Step through a golden dragon gate into a straight 600-metre lane — pepper buns hissing in a clay oven, herbal rib soup steam rising into the lantern light, order numbers shouted the length of the street. We walk you through Taipei's foodie-favourite night market end to end: which station to use, what to eat at which stall, and when to dodge the crush.
Ask a Taipei local who genuinely cares about food which night market is worth their evening, and the answer often isn't Shilin — it's Raohe (饒河街觀光夜市), the long-running market in Songshan District on the city's eastern side, formally opened as a tourist night market back in 1987. What makes Raohe special hits you from the very first step, because it's a single straight lane about 600 metres long, opening through an ornate, gilded temple-style dragon gate. You walk it from one end to the other and see every stall — no maze of side alleys to get lost in like the bigger markets.

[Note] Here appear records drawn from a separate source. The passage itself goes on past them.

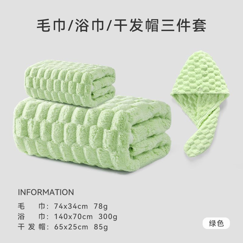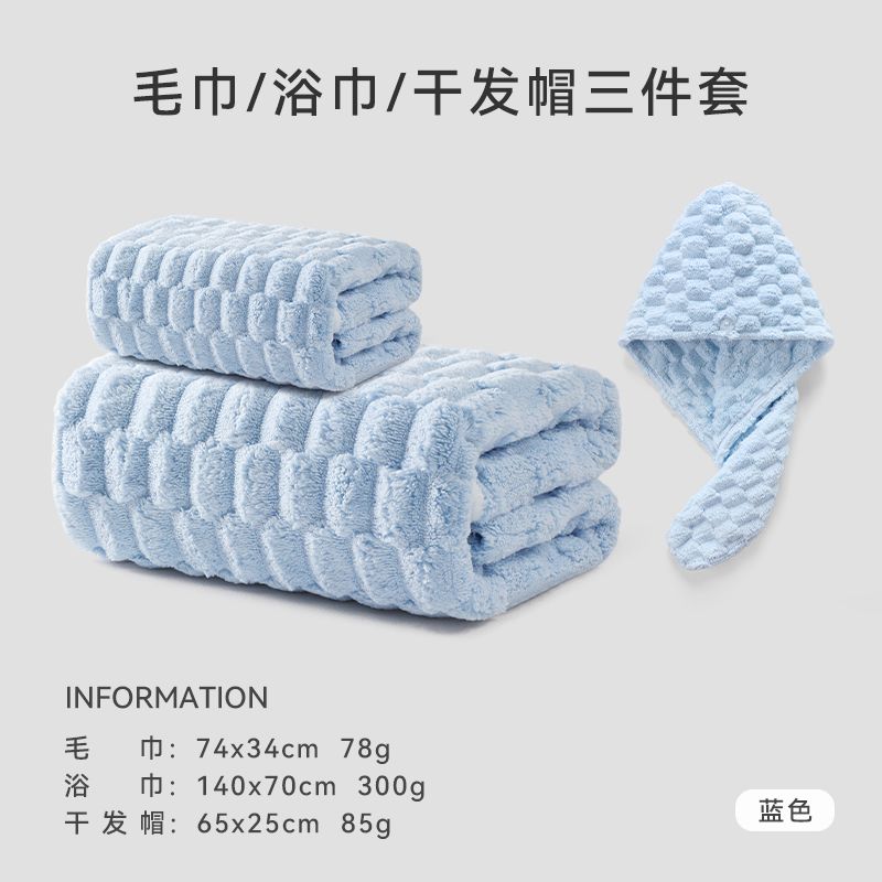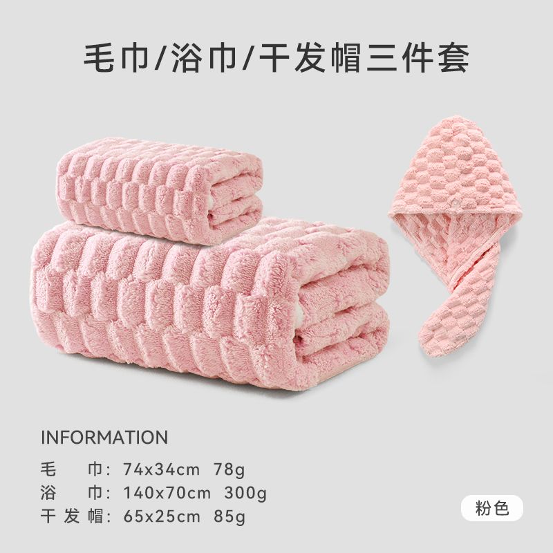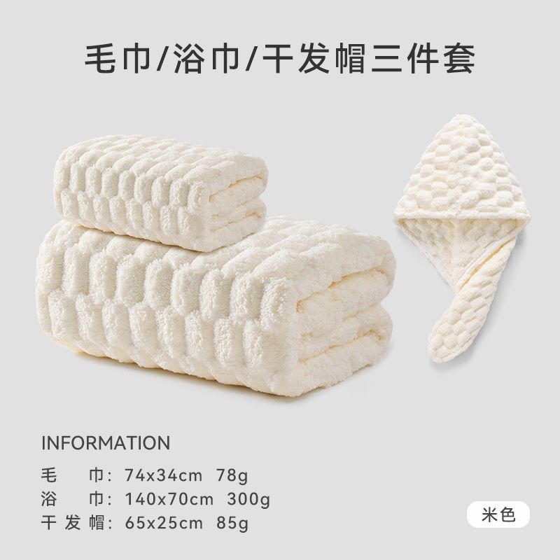 | bath towel + towel + hair-drying cap [class a standard]](浴巾+毛巾+干发帽【A类标准】) | USD $8.66 | 99999 piece available |
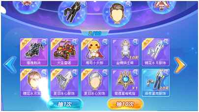 点击“抽1次”和“抽10次”可以分别从下方的奖池中随机获得1个和10个奖励,同时可分别使进度条积累1点进度和10点进度。
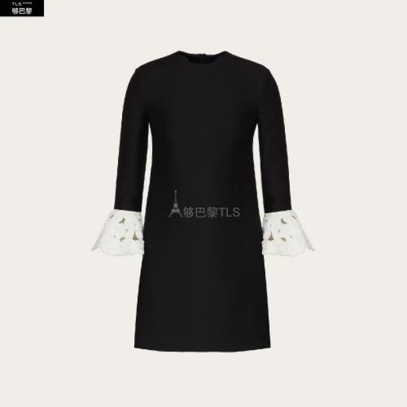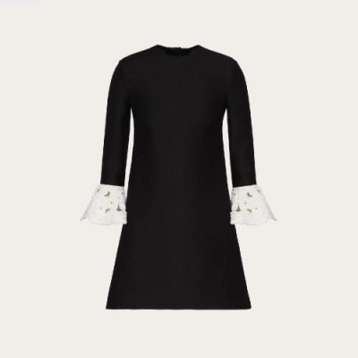 • 【包邮包税】 VALENTINO华伦天奴 21年春夏 女士 连衣裙 刺绣 Crepe Couture 短款连衣裙 UB3VASR01CF0NI 预定商品1-3周发货
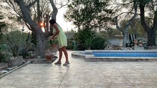 OUT OUT, SIDE SHUFFLE, SYNCOPATED JAZZ BOX ¼ TURN, STEP LOCK STEP
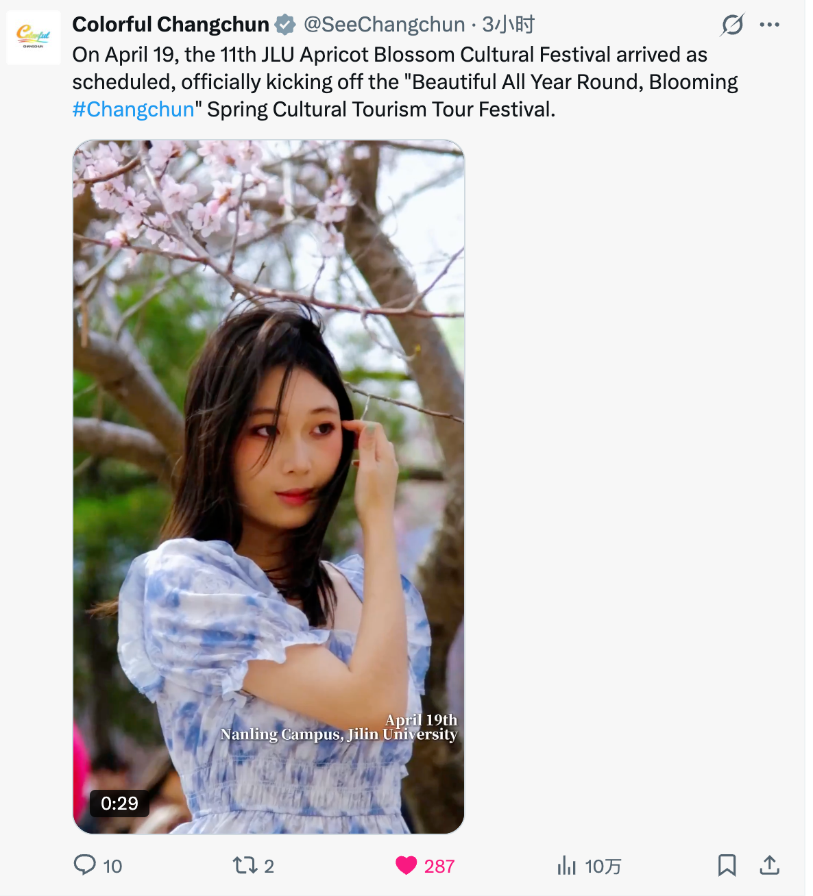【X平台】X平台多彩长春”发布吉林大学杏花文化节相关内容,获中国驻巴基斯坦大使馆文化参赞、巴基斯坦中国文化中心主任转推、点赞。

Anchoring the eastern end is Songshan Ciyou Temple (松山慈祐宮), a Matsu temple built in 1753 — nearly as old as Longshan — its intricately carved roof glowing gold after dark and giving Raohe a backdrop no other market can match. Compared with Shilin, which is bigger and draws far more tourists, Raohe is compact, easy to walk, and far more consistent in stall quality. Six of its vendors carry Michelin Bib Gourmand recognition, including the Fuzhou pepper-bun stall whose queue never seems to end. This is the market locals genuinely love, and the most concentrated street-food lesson you'll get in Taipei — on this page we'll walk you through it bite by bite.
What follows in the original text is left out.